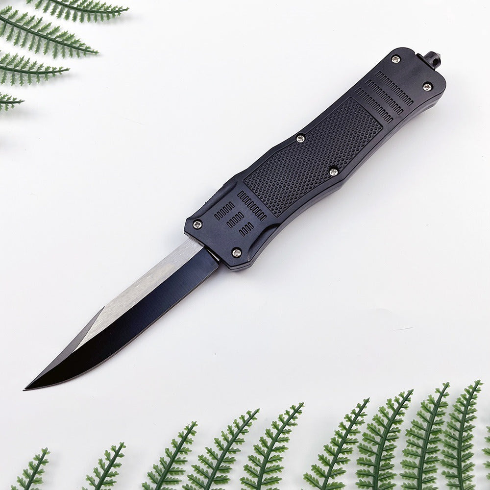 This is the newest spring blade for outdoor use. Unlike traditional frontal pop-up blades the pop up switch is on the side.Made from 440 stainless steel it is more suitable for field survival.Features:Instant pop-up quick response faster protection of the key moment.The black paint of the product makes the product cooler.The material of stainless steel makes the product more suitable for field survival.Unlike traditional frontal pop-up blades the pop up switch is on the side.There are two models for you to choose.Specifications:Type: 1(single edge) 2(double edge) (optional)Color: black camouflage grey (optional)Full length: 230mm / 9.05inBlade length: 90mm / 3.54inBlade land: 2.8mm / 0.11inBlade: 440Hardness: 57HRCSurface: oxidizing blackShank: zinc aluminum alloy + ABSLock: straight out spring bladeItem weight: 90g / 3.17ouncesPackage size: 150 * 38 * 25mm / 5.9 * 1.5 * 0.98inPackage weight: 100g / 3.53ouncesPackage List:1 * Spring Blade
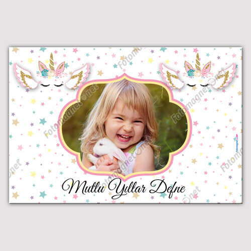 Unicorn Temalı Yıldızlı - Fotoğraflı - Yatay - Poster
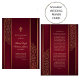 Fantastisk mörkröd och guldröd utsmyckad design romersk-katolskt bröllopsbönskort. Ett elegant sätt att ge en souvenir till dina bröllopsgäster och en from skatt för dig att behålla från din bröllopsdag. Alla texter och teckensnitt kan anpassas. Tveka inte att kontakta oss om du har några frågor. Tack!
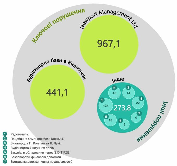 - расчеты через компанию Newport Management – 967,1 млн грн
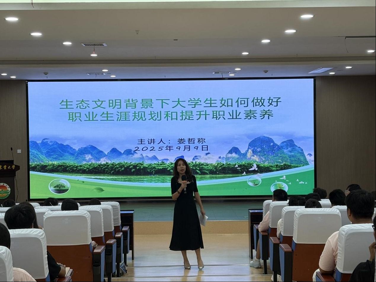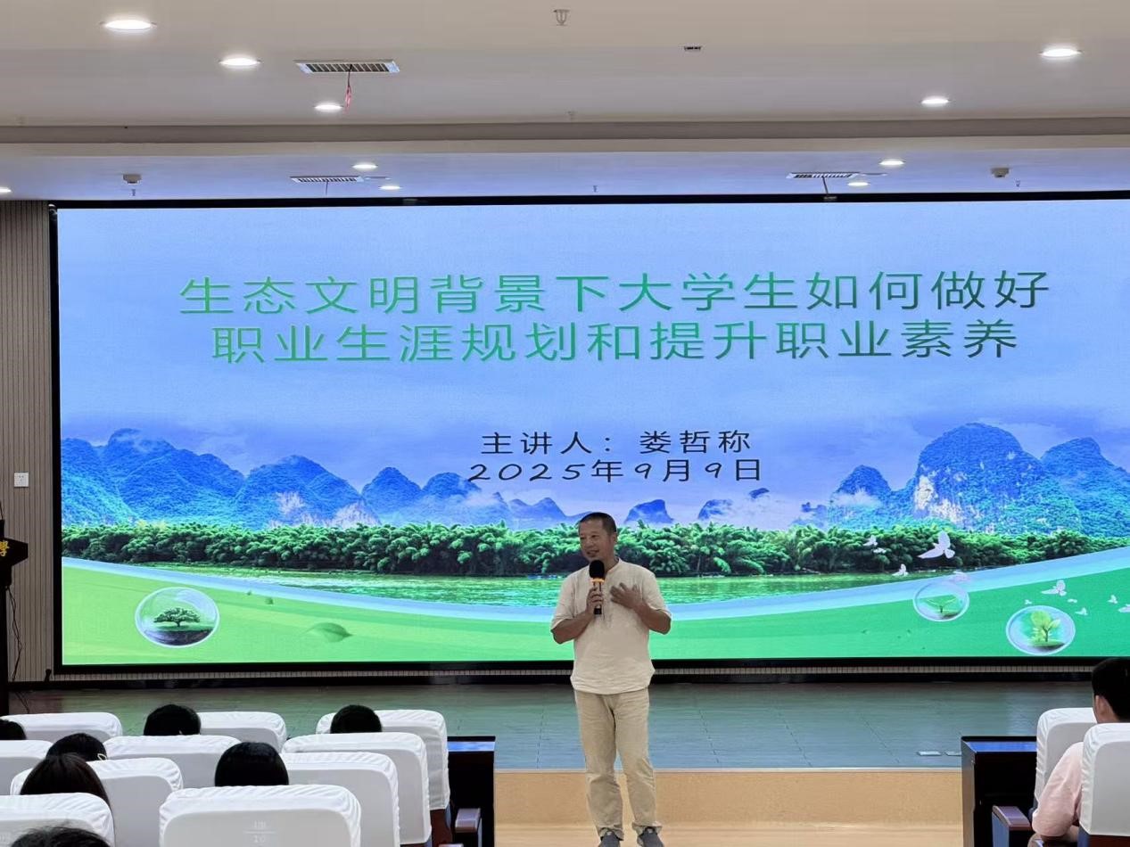 9月9日下午,国土学院举办“生态文明背景下大学生职业生涯规划与职业素养提升”专题讲座。活动邀请农耕文化学者娄哲称先生,以“绿色生涯,规划先行”为核心,为2025级新生送上一堂思想启蒙课。学院党委副书记马慧琴老师出席并主持本次讲座。

· · · · ·

Because the pictures are not wanted, retype every record exactly without them.

 This is the newest spring blade for outdoor use. Unlike traditional frontal pop-up blades the pop up switch is on the side.Made from 440 stainless steel it is more suitable for field survival.Features:Instant pop-up quick response faster protection of the key moment.The black paint of the product makes the product cooler.The material of stainless steel makes the product more suitable for field survival.Unlike traditional frontal pop-up blades the pop up switch is on the side.There are two models for you to choose.Specifications:Type: 1(single edge) 2(double edge) (optional)Color: black camouflage grey (optional)Full length: 230mm / 9.05inBlade length: 90mm / 3.54inBlade land: 2.8mm / 0.11inBlade: 440Hardness: 57HRCSurface: oxidizing blackShank: zinc aluminum alloy + ABSLock: straight out spring bladeItem weight: 90g / 3.17ouncesPackage size: 150 * 38 * 25mm / 5.9 * 1.5 * 0.98inPackage weight: 100g / 3.53ouncesPackage List:1 * Spring Blade
 Unicorn Temalı Yıldızlı - Fotoğraflı - Yatay - Poster
 Fantastisk mörkröd och guldröd utsmyckad design romersk-katolskt bröllopsbönskort. Ett elegant sätt att ge en souvenir till dina bröllopsgäster och en from skatt för dig att behålla från din bröllopsdag. Alla texter och teckensnitt kan anpassas. Tveka inte att kontakta oss om du har några frågor. Tack!
 - расчеты через компанию Newport Management – 967,1 млн грн
 9月9日下午,国土学院举办“生态文明背景下大学生职业生涯规划与职业素养提升”专题讲座。活动邀请农耕文化学者娄哲称先生,以“绿色生涯,规划先行”为核心,为2025级新生送上一堂思想启蒙课。学院党委副书记马慧琴老师出席并主持本次讲座。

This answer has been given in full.